Columbus City Utilities officials have once again pushed back the approval of formal policies regarding delinquent accounts.
The Columbus Utility Service Board decided to table policies on disconnects, payment extensions, payment plans and bad debts Thursday.
Executive Director Roger Kelso, who requested this move, said that they’re still “refining language and structure” on these documents. However, he hopes that the board will be able to approve the final versions at a special meeting in a couple of weeks, rather than waiting until their next regular meeting on April 20.
As part of the review process, Kelso plans to meet with board member Cheryl McAvoy, an internal auditor, board attorney Stan Gamso and a subject matter expert with the firm Baker Tilly.
Baker Tilly previously worked with CCU as it went through the Indiana Utility Regulatory Commission process for getting water and sewer rate increases approved, and CCU officials are hoping to ensure that the policies are consistent with IURC standards.
“These policies haven’t been touched in a while,” said Kelso. “… Whether it’s an impression of how it should be done locally or just making sure that we really are in compliance with state statutes, it’s a specialty area. So I’d be more comfortable if we brought in Baker Tilly.”
He said in a previous interview that the board is seeking to codify some of its practices, as they have not been well-documented in the past. This includes disconnects, which have been on hold.
“After 45 days from billing date, a customer is subject to disconnect for any unpaid past due balance totaling a minimum of $105,” the proposed policy states. “Prior to disconnect, Columbus City Utilities (CCU) will have attempted to contact the customer for a minimum of three times to obtain a payment, subject to having current contact information on file.”
This includes an automated phone call and email at least 24 hours before the disconnect.
In discussing the policy, board member Patrick Andrews asked what would happen if the customer doesn’t have a phone number on file, and Kelso said this is one of the items that needs to be reviewed.

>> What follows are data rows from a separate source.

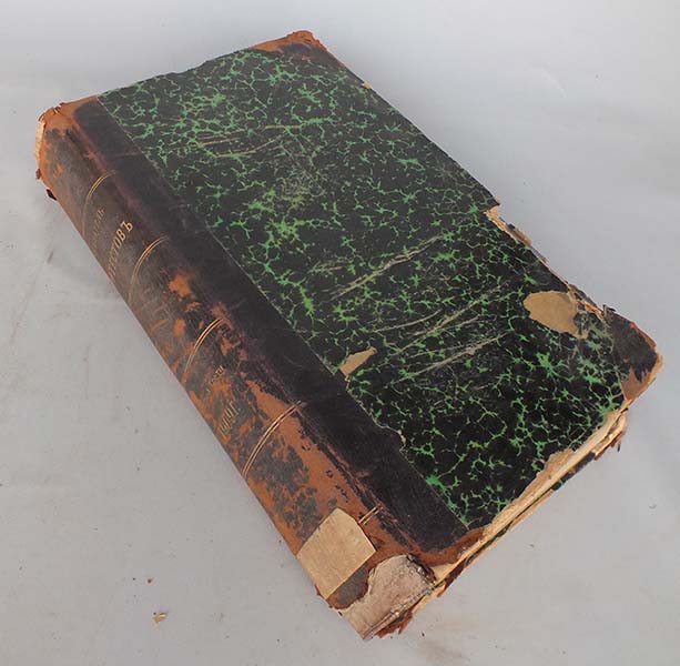 Титульный лист с пометой "Совершенно секретно". На титульном листе вытертый штамп советской библиотеки. В полукожаном переплете времени издания. Корешок с повреждениями и отходит от блока. Так же повреждение на верхней крышке.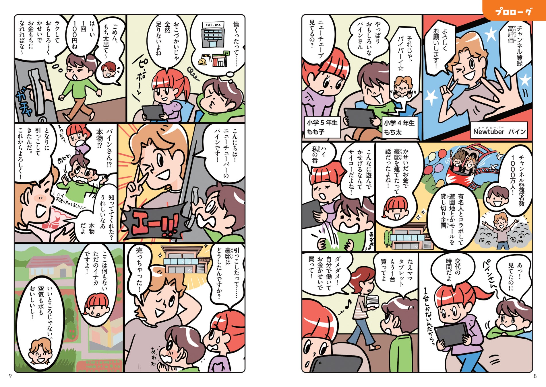 もも子ともち太のきょうだいと、となりに越してきたNewtuberのパインさん。パインさんの新しい動画プロジェクトをきっかけに、もも子ともち太はお金について学びはじめます。子どもたちが夢中になって読めるストーリー展開です。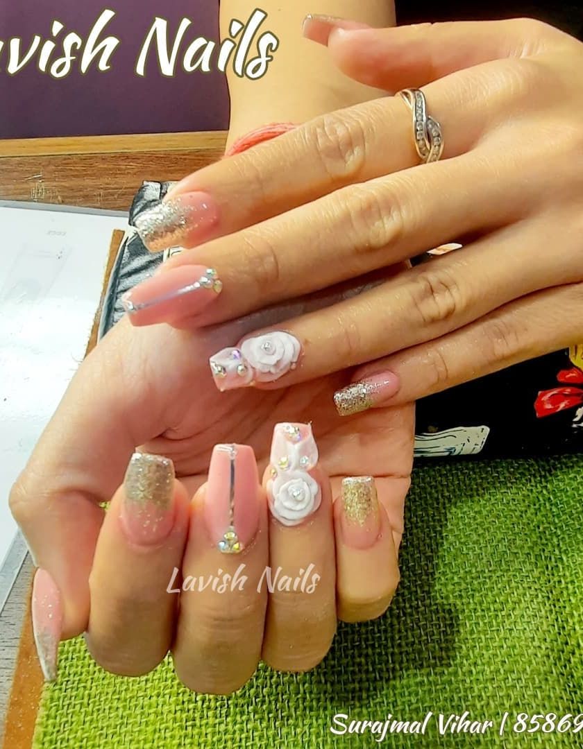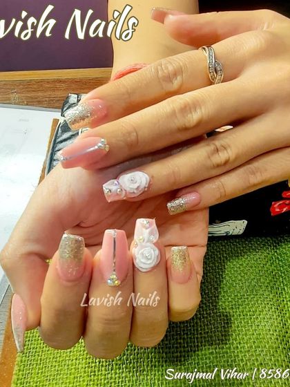 I specialize in creating bespoke nail designs for your most important events, especially weddings. We can work together to create a set that perfectly matches your outfit, mehendi design, or theme, using elegant elements like fine glitter, Swarovski stones, and delicate 3D art.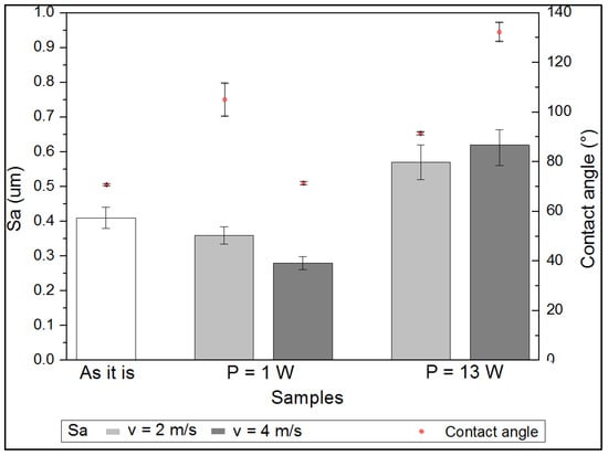 In the same graph (see Figure 7) the contact angle values of a high purity water droplet on samples surface are reported. The CA values grow with the increasing of the roughness both for P = 1 W and P = 13 W samples. Observing the 2D-profiles of samples reported below each 3D-topography (see Figure 2), it is possible to affirm that surfaces treated at P = 13 W, v = 2 m/s showed the most regular and homogenous pattern.

“There’s a couple of clauses in there that are somewhat onerous and beyond what the statute requires,” he said. “And so I just want to make sure that we’re not putting a larger burden on ourselves than what’s necessary.”

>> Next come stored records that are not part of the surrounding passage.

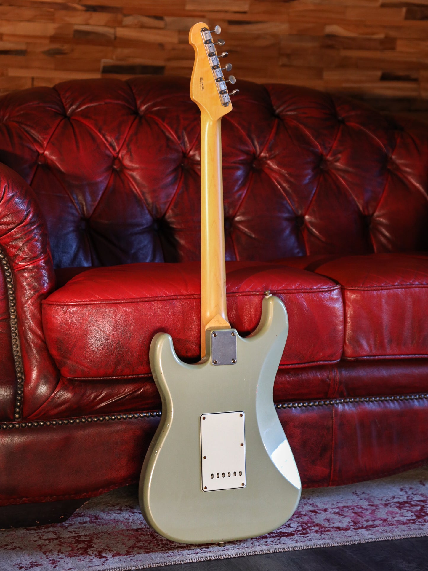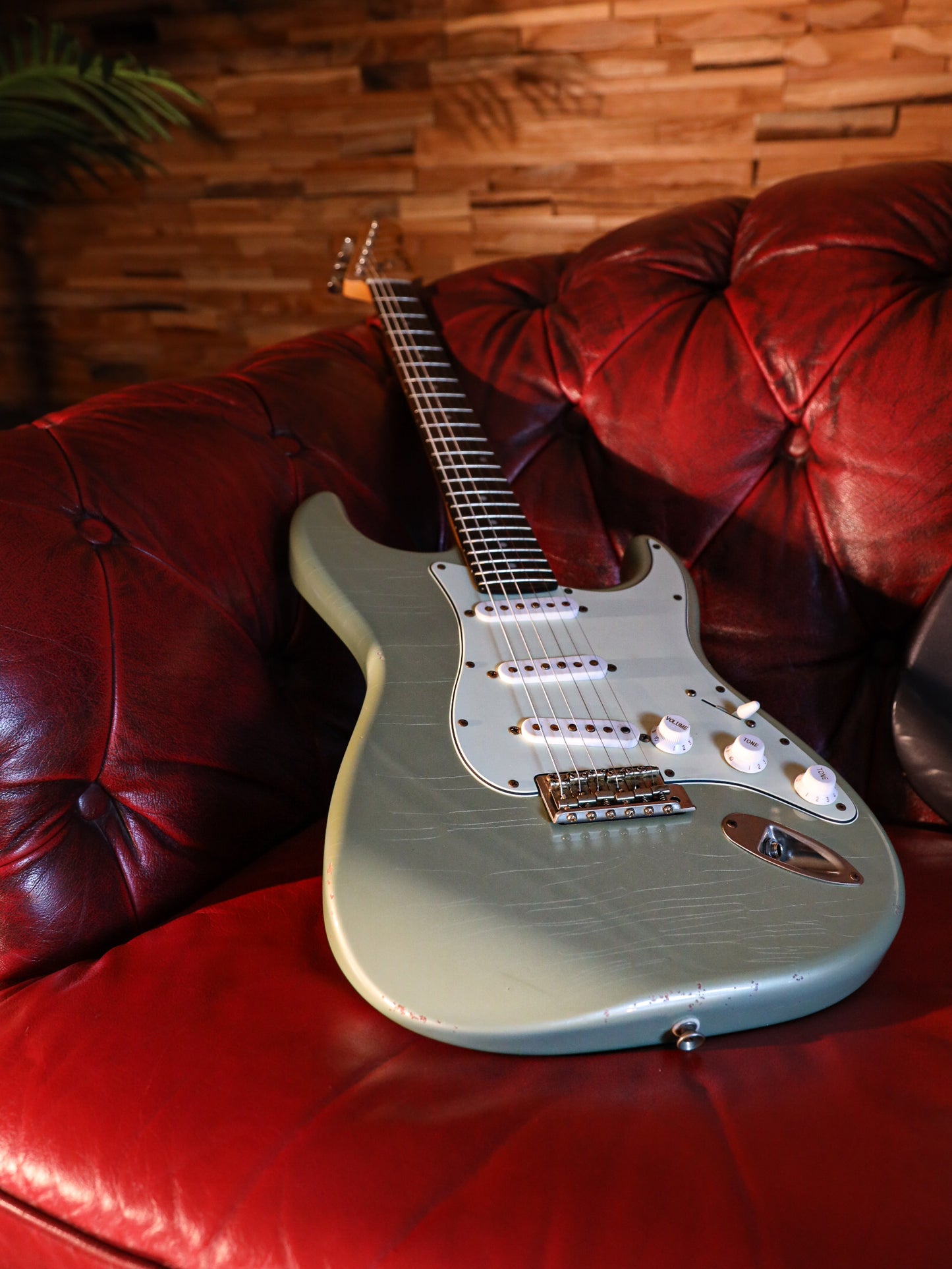 The Woodstock Old-Boy S electric guitar in sage green was handcrafted in the Ukraine.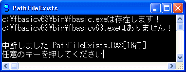 '= (PathFindExists.bas/P) '================================================================ ' 指定のファイルの有無をチェック Declare Function Api_PathFileExists& Lib "shlwapi" Alias "PathFileExistsA" (ByVal lpszPath$) Var FileName As String Var Ret As Long FileName = "c:\fbasicv63\bin\fbasic.exe" GoSub *judge FileName = "c:\fbasicv63\bin\fbasicv63.exe" GoSub *judge Stop End '---------------------------------------------------------------- *judge Ret = Api_PathFileExists(FileName) If Ret <> 0 Then Print FileName & "は存在します!" Else Print FileName & "はありません!" End If Return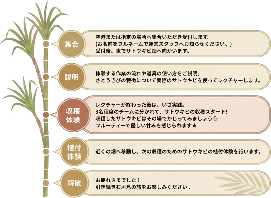 当日は、サトウキビや農産物についてはもちろん、石垣島の生態系まで知り尽くした“情報量豊富”な農家さんが丁寧に解説いたします。サトウキビの魅力をより深く理解し、体験できます。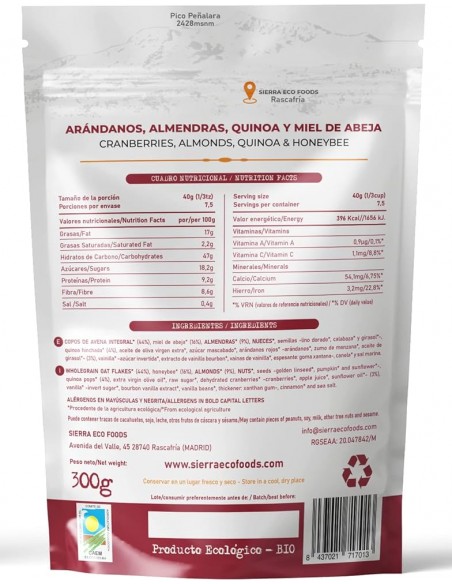 Ingredientes ecológicos: copos de avena integrales(44%), miel de abeja, semillas -lino dorado, calabaza y girasol, almendras (9%), nueces, quinoa hinchada(4%), aceite de oliva virgen extra, azúcar mascabado, arándanos rojos (3%), vainilla, canela y sal marina.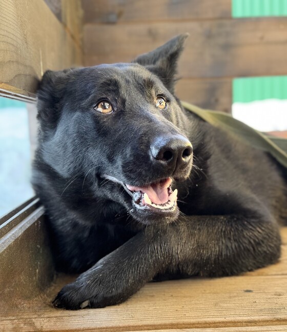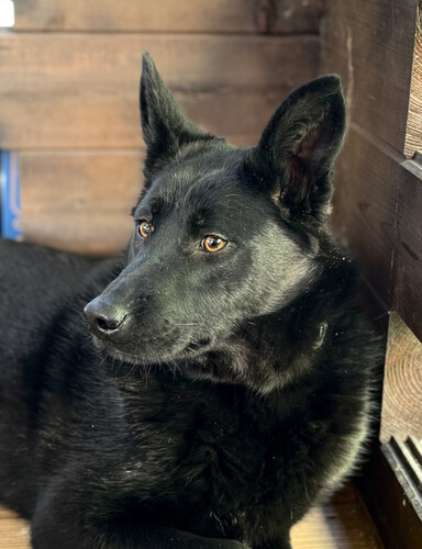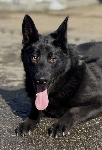 У Хавьера красивая черная шерсть переливается на солнце, она такая густая и плотная, что кажется будто его предок из каких-то пород черных овчарок. И острые уши и выразительные янтарные глаза, полные мудрости, не как у годовалого подростка. Он вырастет мощным и крупным.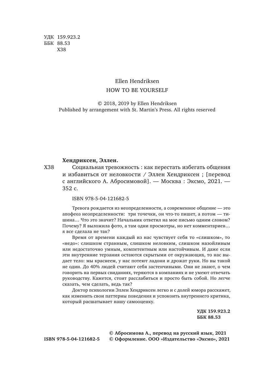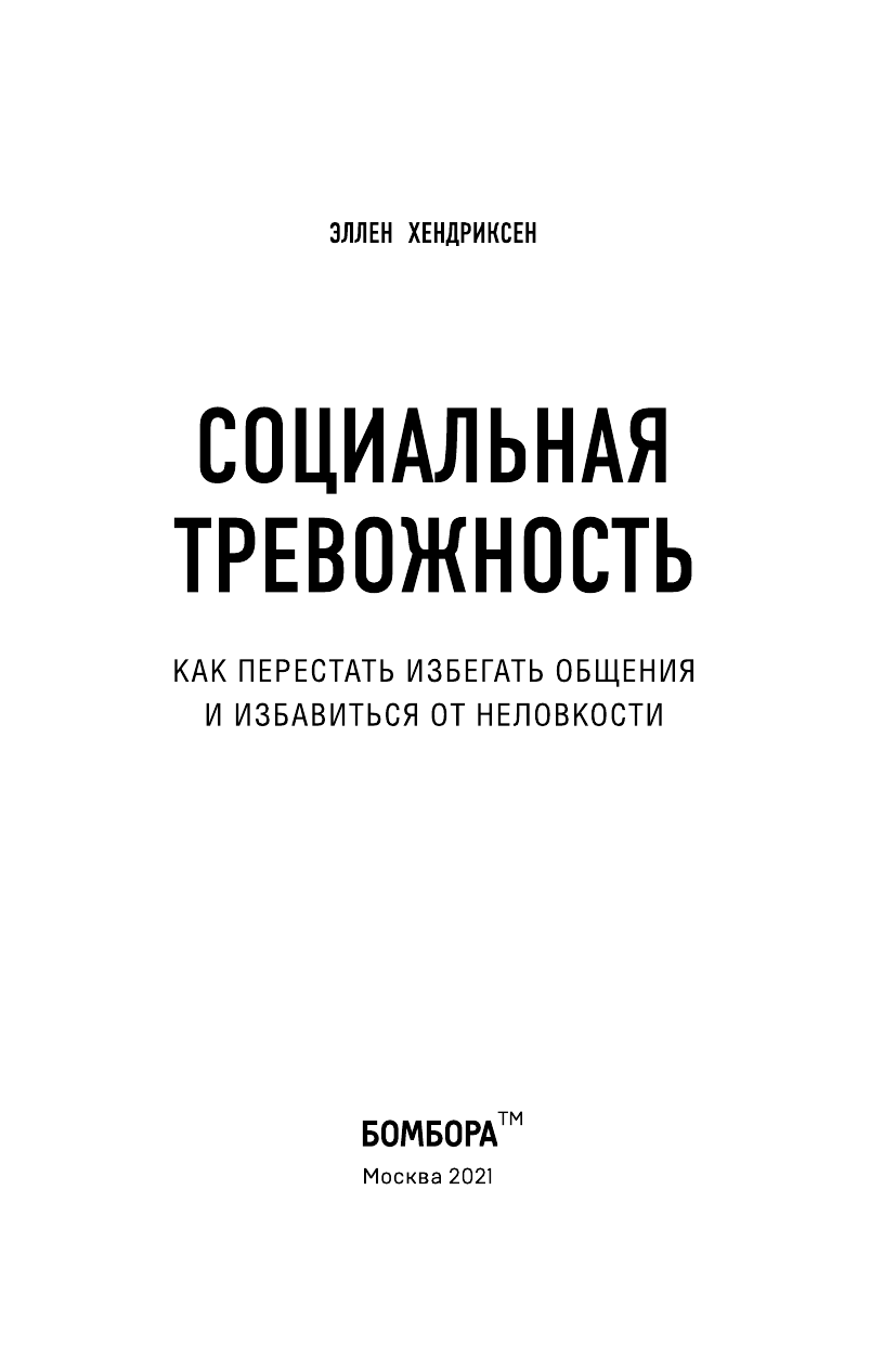 Социальная тревожность. Как перестать избегать общения и избавиться от неловкости (Эллен Хендриксен); Эксмо, БОМБОРА, 2021

He added that they also want to be as fair to customers as possible, though another issue is that many people who end up in this situation can be difficult to get in touch with.
Per the proposed policy, past due charges and “non-payment turn on or off fees” must be paid prior to restoration of services, and a deposit may be required.
Payment extensions and payment plans must be in place prior to the disconnect, unless the customer has a notice from a licensed physician or public health official.
“All accounts are subject to disconnect and a non-payment turn on or off fee if a payment extension or a notice from a licensed physician or public health official is not on file by 8 a.m. the day following the due date,” the proposed policy states.
The Republic previously reported that “due date” referred to the original date payment was due. However, Kelso has since clarified that payment plans and extensions would just have to be in place prior to the disconnection date.
An updated version of the proposed payment plan policy includes a template for a “promise to pay” agreement, which stipulates an annual interest rate of 8% until the principal balance is paid off.
If the customer fails to pay on time each month, late fees may be assessed.
Additionally, “If the borrower fails to make a payment for two (2) consecutive months CCU will consider the agreement in default and may elect to proceed directly to small claims court in Bartholomew County to recover the borrowed amount.”